Description
This Vegan Millionaire Shortbread is a luscious, gluten-free treat featuring a crunchy almond-based crust, rich coconut caramel, and a smooth dark chocolate topping sprinkled with flaky sea salt. Perfect for vegan dessert lovers seeking a decadent yet dairy-free and gluten-free indulgence.
Ingredients
Scale
Crust
- 400 g ground almonds (or 300 g plain flour)
- 125 g vegan butter (or 200 g if using plain flour)
- 60 g soft brown sugar
- ¼ teaspoon sea salt (optional)
Caramel
- 320 g sweetened condensed coconut milk (or 400 g for gooey caramel)
- 180 g vegan butter
- 90 g soft brown sugar
- 90 g granulated sugar
- ½ tsp sea salt (optional)
- 1 tsp vanilla extract (optional)
Chocolate Coating
- 180 g vegan dark chocolate
- 30 g vegan butter
- Flaky sea salt (for garnish)
Instructions
- Prepare: Preheat the oven to 175°C (350°F). Lightly grease an 8″ square or 9″ rectangular pan with vegan butter or oil and line with parchment paper.
- Make the crust: In a food processor, blend ground almonds (or plain flour), vegan butter, soft brown sugar, and sea salt until a dough forms. Press this dough evenly into the pan base. Cover with parchment paper and press down firmly using a flat-bottomed glass, then remove the parchment and prick the dough several times with a fork.
- Bake the crust: Bake for 14-15 minutes (15-18 minutes if using plain flour) until slightly golden. Allow to cool completely to room temperature.
- Make the caramel: In a saucepan, melt the sweetened condensed coconut milk, vegan butter, soft brown sugar, and granulated sugar over medium heat. Stir continuously, monitoring with a candy thermometer until the mixture reaches 120°C (248°F). Remove from heat, stir in sea salt and vanilla extract if using, and let cool slightly for 5 minutes.
- Assemble the caramel layer: Pour the caramel evenly over the cooled shortbread base. Let it come to room temperature before refrigerating for at least 3 hours or overnight to set firmly.
- Prepare the chocolate topping: Melt vegan dark chocolate and butter together over a double boiler, stirring until smooth. Spread the melted chocolate evenly over the set caramel layer. Sprinkle flaky sea salt on top.

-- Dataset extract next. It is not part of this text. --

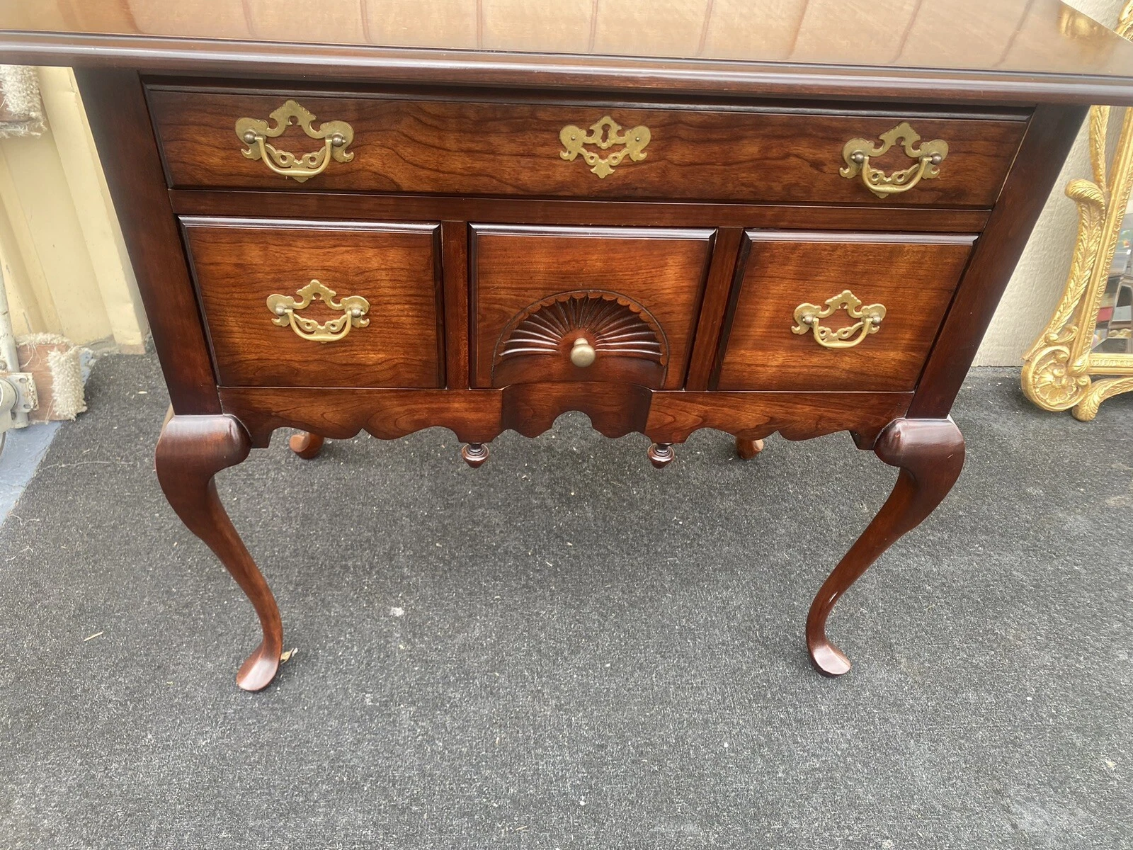 This charming Mahogany Queen Anne low boy dresser chest embodies the elegance and craftsmanship of mid-20th century design. Handcrafted with care, it features four spacious dovetailed drawers that glide smoothly, perfect for keeping your belongings organized. The rich mahogany finish showcases the wood’s natural beauty, while the graceful curves and delicate legs reflect the timeless Queen Anne style. This piece not only serves as a functional addition to your home but also carries a sense of history and warmth, making it a delightful focal point in any room.

- Serve: Allow the slice to set at room temperature for at least 15 minutes before slicing. Use a sharp knife and cut slowly, pressing down firmly to cut through the chocolate, caramel, and crust layers cleanly.
- Store: Keep in an airtight container in the refrigerator for up to a week, or freeze for longer storage. If frozen, allow to defrost for 1-2 hours before serving.
Notes
- For gooier caramel, use 400 g sweetened condensed coconut milk instead of 320 g.
- If substituting plain flour for ground almonds, increase vegan butter in the crust to 200 g and extend bake time to 15-18 minutes.
- Sea salt is optional but recommended for enhancing flavor layers.
- Use a candy thermometer to ensure caramel reaches the perfect temperature for setting.
- Double boiler method avoids burning chocolate, resulting in smooth topping.
- Allowing bars to set fully in the fridge before slicing ensures clean and neat pieces.